- **Collected material**
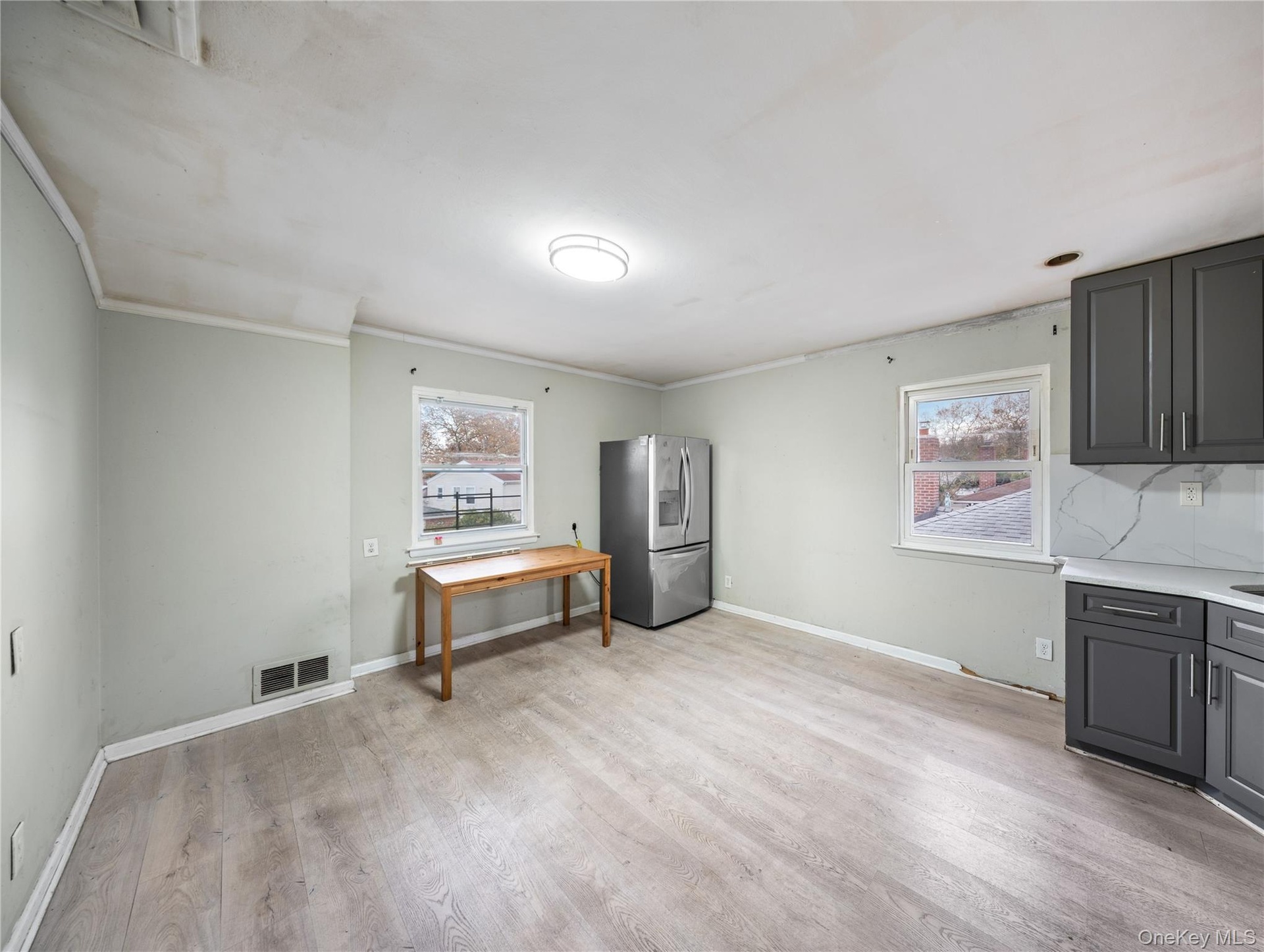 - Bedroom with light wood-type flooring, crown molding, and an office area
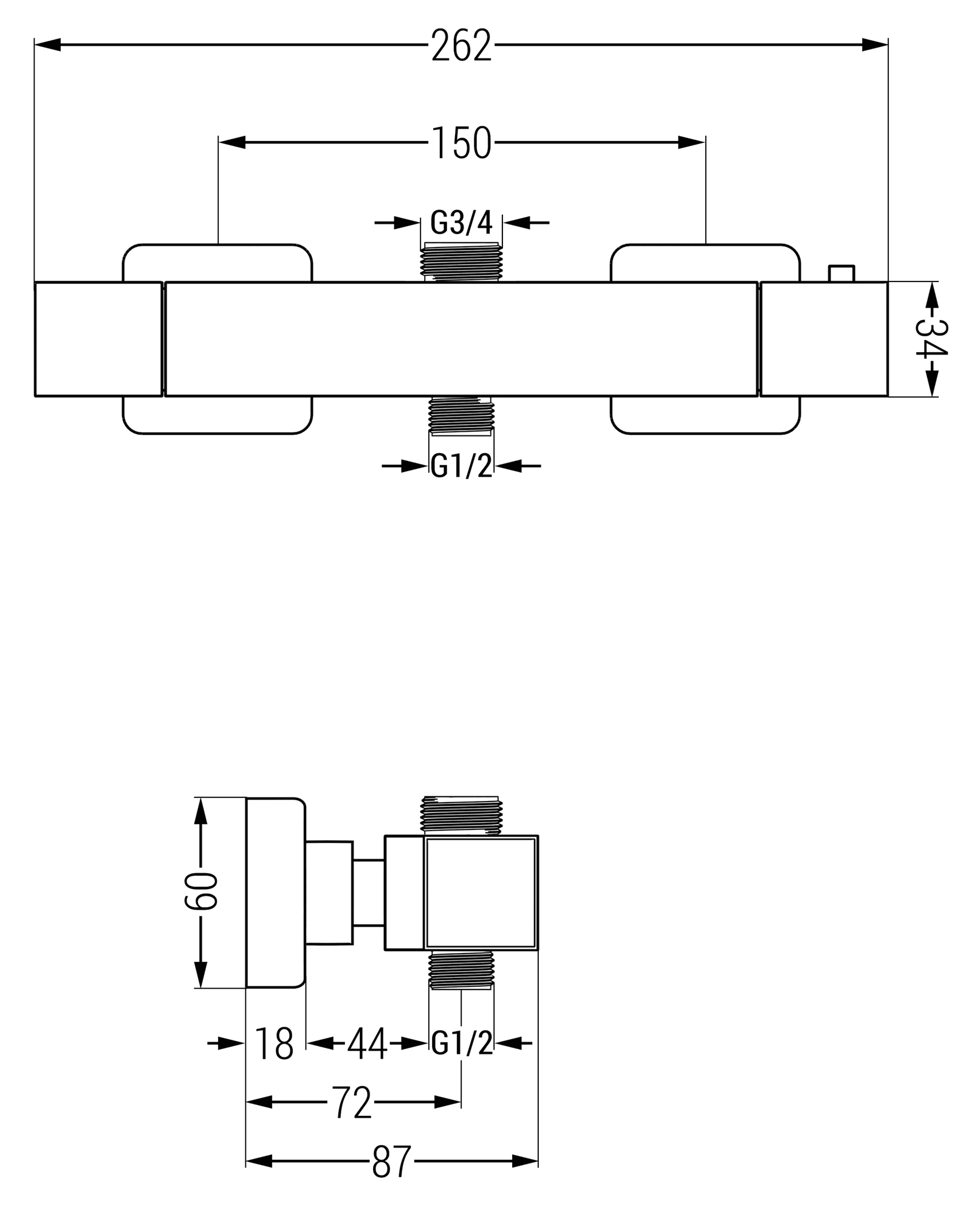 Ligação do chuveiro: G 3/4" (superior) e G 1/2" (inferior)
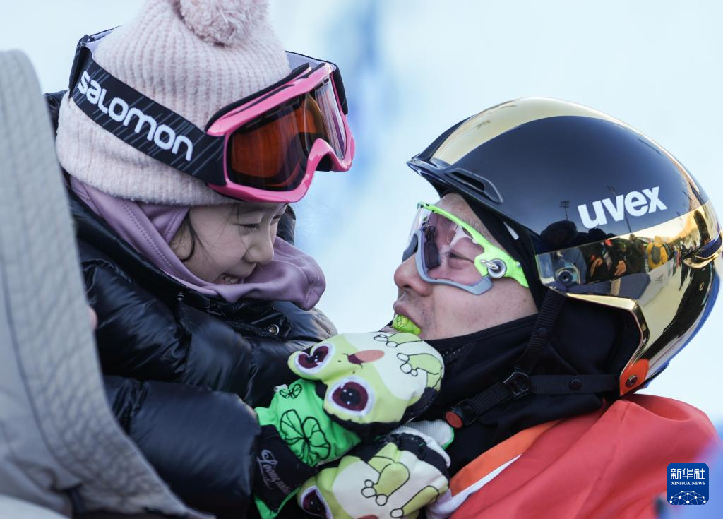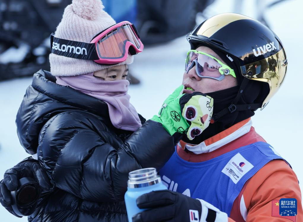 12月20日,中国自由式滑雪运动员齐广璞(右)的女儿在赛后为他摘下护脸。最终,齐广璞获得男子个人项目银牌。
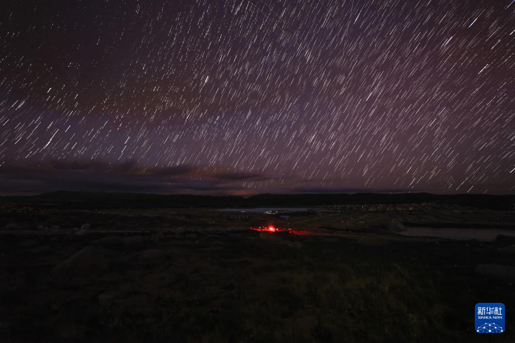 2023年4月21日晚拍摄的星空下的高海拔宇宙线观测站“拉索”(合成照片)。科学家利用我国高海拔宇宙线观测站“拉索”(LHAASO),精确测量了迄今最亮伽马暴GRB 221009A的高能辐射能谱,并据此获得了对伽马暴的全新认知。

- **Exercise brief**
Begin at the line containing "12月20日,中国自由式滑雪" and write out every line to the end of the data exactly. Skip the pictures.

- **Solution to this problem**
 12月20日,中国自由式滑雪运动员齐广璞(右)的女儿在赛后为他摘下护脸。最终,齐广璞获得男子个人项目银牌。
 2023年4月21日晚拍摄的星空下的高海拔宇宙线观测站“拉索”(合成照片)。科学家利用我国高海拔宇宙线观测站“拉索”(LHAASO),精确测量了迄今最亮伽马暴GRB 221009A的高能辐射能谱,并据此获得了对伽马暴的全新认知。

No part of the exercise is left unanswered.